During the American Society of Clinical Oncology (ASCO) annual conference, held in June 2016, the efficacy results of the PALOMA-2 study were presented. At that time, the results showed a significant 42% relative risk reduction for PFS in women receiving palbociclib plus letrozole when compared to placebo plus letrozole. Median PFS was 24.8 months vs. 14.5 months respectively (HR = 0.58; 95% CI: 0.46-0.72; P < 0.0001).

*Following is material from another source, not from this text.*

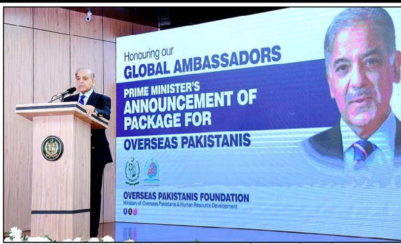
ISLAMABAD: Prime Minister Muhammad Shehbaz Sharif addressing a ceremony regarding Special Incentives Package for Overseas Pakistanis.

“Endocrine therapy is an established first-line treatment for ABC. However, endocrine therapy resistance and disease progression eventually occur in most patients. Cyclin-dependent kinase 4/6 inhibition is a valid treatment strategy for hormone receptor positive advanced breast cancer and may help overcome or delay endocrine therapy resistance. “
ESMO 2016 Abemaciclib
ESMO abemaciclib data included two oral presentations.
The study compared in a 1:1:1 fashion abemaciclib (150 mg BID) plus anastrozole (1 mg QD), abemaciclib monotherapy, and anastrozole monotherapy and investigated drop in Ki67 after two weeks of treatment. Upon completion of initial two-week treatment, all patients continued to receive abemaciclib plus anastrozole for an additional 14 weeks, to complete 16 weeks of neoadjuvant treatment. Patients received prophylactic loperamide concomitantly with abemaciclib.